* _ACTIVITY_: With the pictures excluded, retype the records that follow exactly.

Records from a data collection:
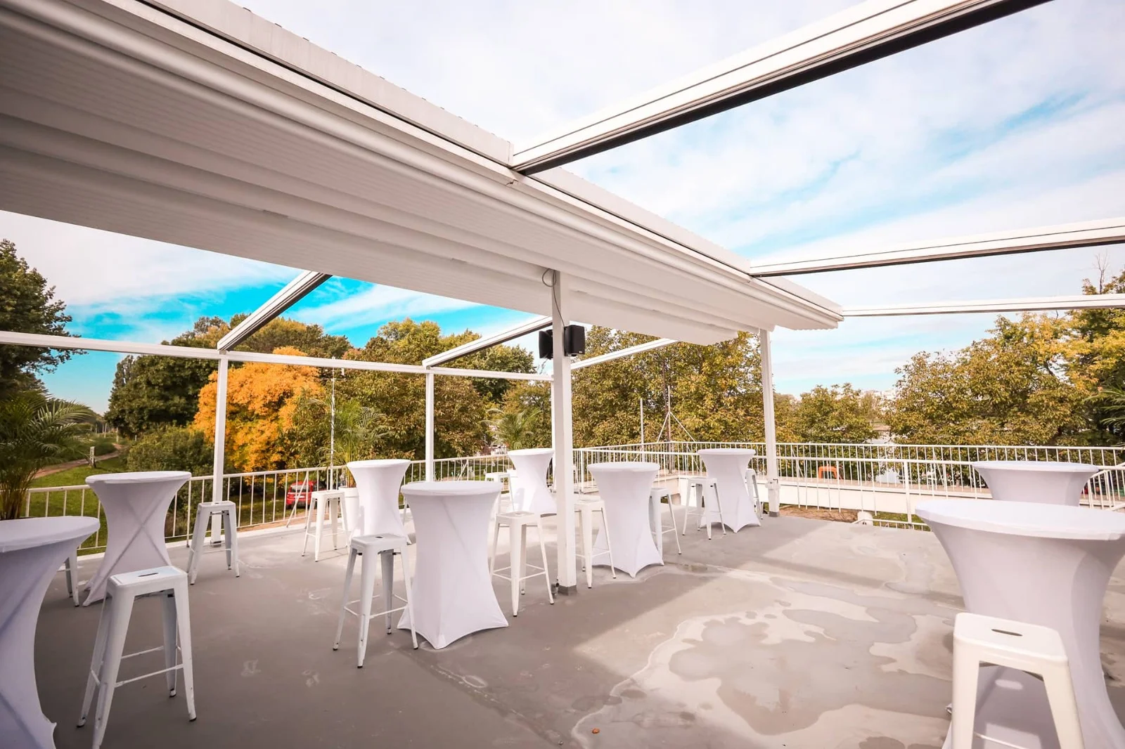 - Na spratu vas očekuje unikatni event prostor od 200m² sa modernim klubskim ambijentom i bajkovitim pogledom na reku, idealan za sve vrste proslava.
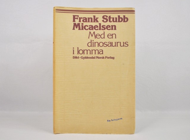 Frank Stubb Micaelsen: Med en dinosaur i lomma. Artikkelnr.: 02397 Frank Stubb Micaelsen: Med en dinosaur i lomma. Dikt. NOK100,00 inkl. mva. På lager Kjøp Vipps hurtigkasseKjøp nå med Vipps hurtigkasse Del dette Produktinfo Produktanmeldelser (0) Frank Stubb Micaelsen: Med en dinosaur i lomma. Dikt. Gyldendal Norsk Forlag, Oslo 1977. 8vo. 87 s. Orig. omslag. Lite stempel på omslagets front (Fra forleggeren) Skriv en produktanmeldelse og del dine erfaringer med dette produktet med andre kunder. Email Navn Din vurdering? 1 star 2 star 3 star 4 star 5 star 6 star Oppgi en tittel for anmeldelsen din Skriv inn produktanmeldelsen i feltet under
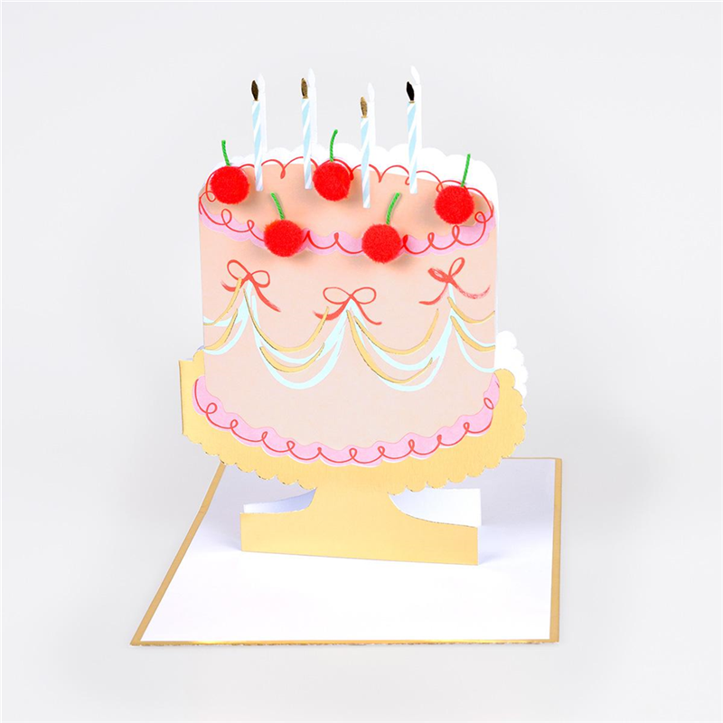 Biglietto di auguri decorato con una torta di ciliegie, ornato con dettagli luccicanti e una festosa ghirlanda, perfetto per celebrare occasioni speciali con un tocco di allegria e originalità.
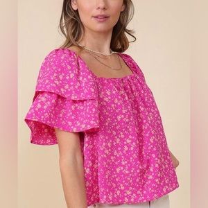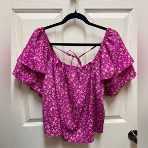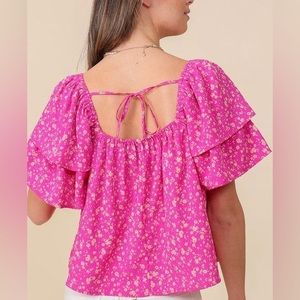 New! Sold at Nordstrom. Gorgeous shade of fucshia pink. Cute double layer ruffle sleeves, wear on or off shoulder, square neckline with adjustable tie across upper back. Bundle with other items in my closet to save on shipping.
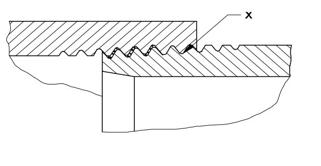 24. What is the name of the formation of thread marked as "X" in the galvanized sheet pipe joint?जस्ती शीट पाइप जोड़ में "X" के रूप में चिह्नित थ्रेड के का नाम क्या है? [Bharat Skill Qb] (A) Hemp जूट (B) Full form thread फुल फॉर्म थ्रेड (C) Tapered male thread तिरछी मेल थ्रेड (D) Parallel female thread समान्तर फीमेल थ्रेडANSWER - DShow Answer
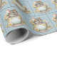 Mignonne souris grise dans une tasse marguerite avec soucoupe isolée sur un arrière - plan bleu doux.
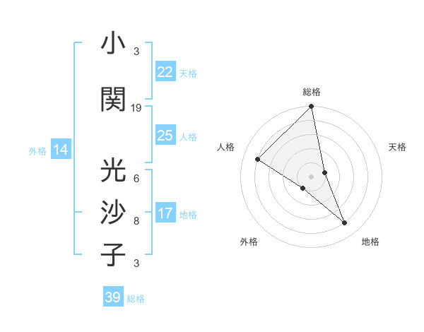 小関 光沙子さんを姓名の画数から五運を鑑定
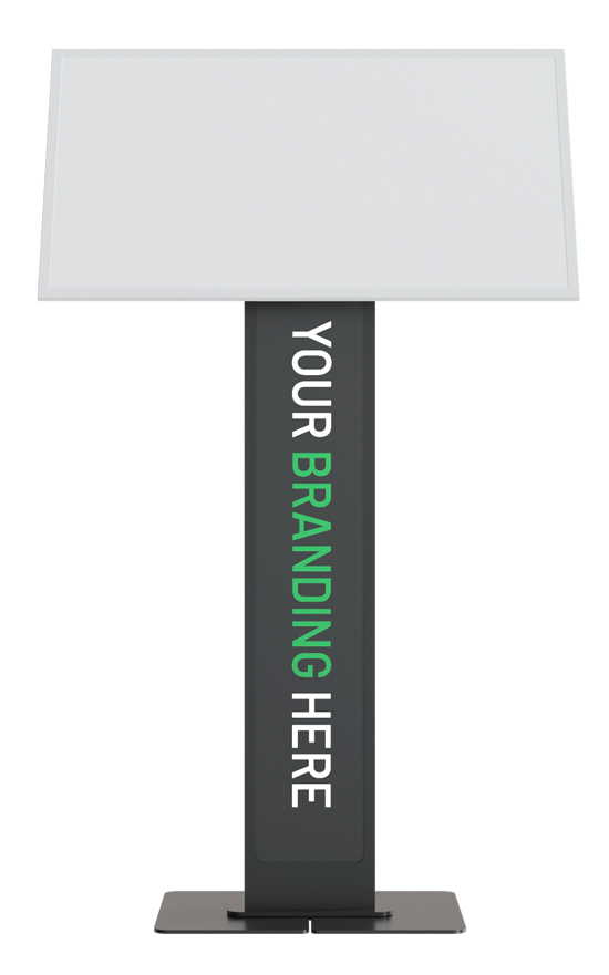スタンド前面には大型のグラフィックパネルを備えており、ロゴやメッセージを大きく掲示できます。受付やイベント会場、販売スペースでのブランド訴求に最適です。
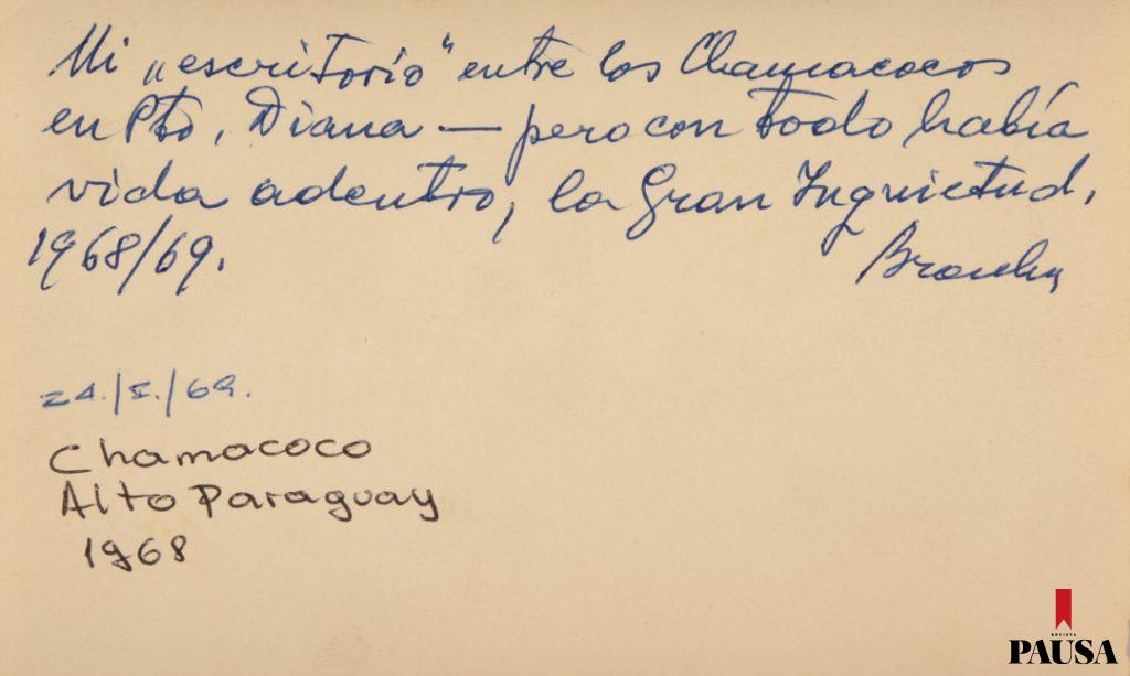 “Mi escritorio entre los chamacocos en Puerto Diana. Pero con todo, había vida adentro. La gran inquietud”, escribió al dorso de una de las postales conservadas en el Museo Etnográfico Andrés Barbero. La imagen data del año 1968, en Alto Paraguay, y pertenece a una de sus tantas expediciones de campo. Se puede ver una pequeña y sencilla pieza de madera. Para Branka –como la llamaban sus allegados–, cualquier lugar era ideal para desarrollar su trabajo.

* _SOLUTION_:
 - Na spratu vas očekuje unikatni event prostor od 200m² sa modernim klubskim ambijentom i bajkovitim pogledom na reku, idealan za sve vrste proslava.
 Frank Stubb Micaelsen: Med en dinosaur i lomma. Artikkelnr.: 02397 Frank Stubb Micaelsen: Med en dinosaur i lomma. Dikt. NOK100,00 inkl. mva. På lager Kjøp Vipps hurtigkasseKjøp nå med Vipps hurtigkasse Del dette Produktinfo Produktanmeldelser (0) Frank Stubb Micaelsen: Med en dinosaur i lomma. Dikt. Gyldendal Norsk Forlag, Oslo 1977. 8vo. 87 s. Orig. omslag. Lite stempel på omslagets front (Fra forleggeren) Skriv en produktanmeldelse og del dine erfaringer med dette produktet med andre kunder. Email Navn Din vurdering? 1 star 2 star 3 star 4 star 5 star 6 star Oppgi en tittel for anmeldelsen din Skriv inn produktanmeldelsen i feltet under
 Biglietto di auguri decorato con una torta di ciliegie, ornato con dettagli luccicanti e una festosa ghirlanda, perfetto per celebrare occasioni speciali con un tocco di allegria e originalità.
 New! Sold at Nordstrom. Gorgeous shade of fucshia pink. Cute double layer ruffle sleeves, wear on or off shoulder, square neckline with adjustable tie across upper back. Bundle with other items in my closet to save on shipping.
 24. What is the name of the formation of thread marked as "X" in the galvanized sheet pipe joint?जस्ती शीट पाइप जोड़ में "X" के रूप में चिह्नित थ्रेड के का नाम क्या है? [Bharat Skill Qb] (A) Hemp जूट (B) Full form thread फुल फॉर्म थ्रेड (C) Tapered male thread तिरछी मेल थ्रेड (D) Parallel female thread समान्तर फीमेल थ्रेडANSWER - DShow Answer
 Mignonne souris grise dans une tasse marguerite avec soucoupe isolée sur un arrière - plan bleu doux.
 小関 光沙子さんを姓名の画数から五運を鑑定
スタンド前面には大型のグラフィックパネルを備えており、ロゴやメッセージを大きく掲示できます。受付やイベント会場、販売スペースでのブランド訴求に最適です。
 “Mi escritorio entre los chamacocos en Puerto Diana. Pero con todo, había vida adentro. La gran inquietud”, escribió al dorso de una de las postales conservadas en el Museo Etnográfico Andrés Barbero. La imagen data del año 1968, en Alto Paraguay, y pertenece a una de sus tantas expediciones de campo. Se puede ver una pequeña y sencilla pieza de madera. Para Branka –como la llamaban sus allegados–, cualquier lugar era ideal para desarrollar su trabajo.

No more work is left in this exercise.